The natural reservoir is a certain bat species; it is impressive to see how far these animals are capable of carrying these emerging viruses, such as corona. This was the case with Ebola in Africa, and with the Nipah virus in Malaysia, which appeared in the late 1990s. As human behavior changes ecological conditions, these bats increasingly come into contact with animals which are susceptible for a zoonotic species jump and which further replicate the virus. This generates a risk zone around humans, since any contact with these intermediate animals can cause another species jump into humans. In the case of SARS 2003, it is assumed that the intermediate animal was the webbed civet, a feline particularly frequent in Asia; for MERS, it was the camel. For Ebola, it probably was great apes (Malvy et al, 2019) while direct bat‐to‐human transmission was also considered (Marí Saéz et al, 2015).
For SARS‐CoV‐2, some claim that the intermediate reservoir is the pangolin. Indeed, numerous studies have shown that the virus circulating in pangolins is very close to the one observed in humans, suggesting that the current pandemic results from human behavior and animal trafficking.
We are constantly threatened by these emerging diseases so‐called anthropocene diseases, which are essentially or even exclusively linked to the omnipresent imprint that humans leave on the planet. What is true for the climate and the environment is also true for infectious diseases, in particular emerging ones, and the three are linked.
Pandemic spread of the virus
This is a story in three acts: (i) stochastic species jumps, (ii) possible transmission to and between human, and (iii) pandemic explosion. It is interesting to note that the distribution map of COVID‐19 clusters and hotspots overlaps with the map of intercontinental air flights (which carried 4 billion passengers in 2019). We can clearly see the role transport plays in the transmission and global spread of these diseases, turning them into pandemics more readily than even before in human history. However, as we speak, more and more cases are being reported in the countries of the intertropical zones, reaching Southern America and Africa where containment will be difficult to achieve.
There are also important environmental aspects linked to the Anthropocene era, such as intensive agriculture and husbandry that profoundly modify ecosystems and cause unanticipated encounters between animal and human habitats, rising temperatures in equatorial regions that drive animal population migration to cooler regions and political instability that causes mass displacement of refugees. Also, different national healthcare systems and a lack of global information exchange and coordination can lead to a delay in diagnosis in some countries, but the comparison of thefts and foci of infection is striking. In how far these effects had an influence on the COVID‐19 pandemic requires further study once the pandemic has passed its apex.
Parameters of the epidemic
R0 (basic reproduction rate) is the average number of secondary infections produced when an infected individual is introduced into a population where all individuals are susceptible. If the R0 is less than 1, there is no epidemic situation; as soon as it is greater than 1, there is an epidemic. In the case of COVID‐19, this number is between 2 and 3. This is therefore a typical epidemic situation. For the Spanish flu of 1918–1919, the R0 was 2.3; tuberculosis is 10 and therefore extremely contagious; and for measles, R0 ranges between 12 and 18.
The incubation period is 5–6 days, and all evidences converge to indicate that the patients are contagious from the onset, when they are yet asymptomatic, unlike SARS in 2003 where the contagion only appeared with the peak of viremia after several days after infection. The SARS‐CoV‐2 virus is highly contagious: People transmit while they are still asymptomatic, or just begin to experience mild symptoms.
The attack rate, the number of newly infected patients compared to the general naive population, is high, much higher than the seasonal flu. Severe cases are around 10–15% and require hospitalizations that last on average between 7 and 15 days, which is what threatens our health systems.
COVID‐19 is therefore a disease with high epidemic potential that puts a major strain on the healthcare system. This is why governments decided to put in place different strategies to attenuate the progression of the disease.

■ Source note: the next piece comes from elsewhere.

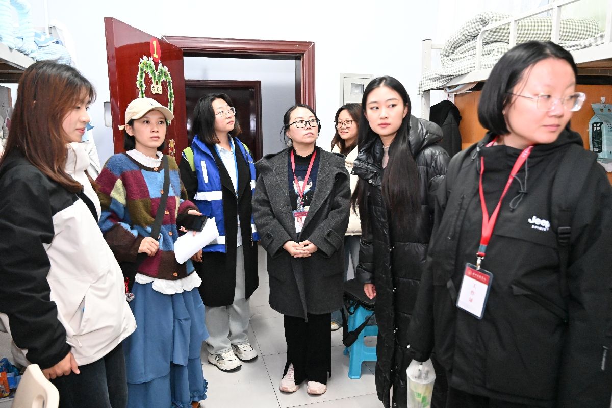 本次检查覆盖全校所有学生公寓楼, 旨在全面排查学生宿舍中存在的各类安全风险与卫生问题,引导学生培养良好的生活习惯,积极参与到星级宿舍评选的行列中,共同维护学生公寓集体生活的秩序与品质。

The mortality rate is relatively low. When we will be able to get a full picture of this pandemic, we will most likely notice that it was between 1 and 2%. It seems higher during periods of exponential spread as is currently the case in the USA, France, Spain, or Italy. Not necessarily because the disease is more severe during this period, but likely because death count is indisputable, while it is difficult to assess the number of infections, which is always higher than observed. Undoubtedly, the majority of infected people develop a mild form of this disease, which makes accurate calculation of the mortality rate difficult at present. At the time of publication, mass serological testing is being rolled out in countries such as Germany, particularly in hotspot areas, which will give a much more accurate estimate of mortality rates. But the mortality rate increases due to the stress on the healthcare system and the availability of hospital beds. 1% mortality, 10% of severe cases, those are not large numbers statistically speaking, but compared to the number of infections, and taking into account the transmissibility and infectivity of the virus, we are reaching a situation that endangers our healthcare system. This is what legitimizes the flatten‐the‐curve policy. Yet, one good news: children younger than 10 years‐old are mostly not ill even though they can get infected and transmit the virus.
Eco‐pathology of beta‐coronaviruses
The receptor for SARS‐CoV‐1 and SARS‐CoV‐2, angiotensin II converting enzyme (ACE2), is an enzyme attached to the surface of cells, including lungs, pneumocytes and endothelium, endocardium, kidney, liver, and intestine. It came as a surprise that the virus binds to an important enzyme for the regulation of blood pressure. This could explain the severity of the disease in the respiratory tract with instances of pneumonia and ultimately, acute respiratory distress syndrome (ARDS) observed in elderly subjects or individuals with chronic co‐morbidities (i.e., diabetes, hypertension, cardio‐respiratory insufficiency, chronic immunosuppression). The virus targets the blood–lung barrier, affecting the oxygen exchange zone.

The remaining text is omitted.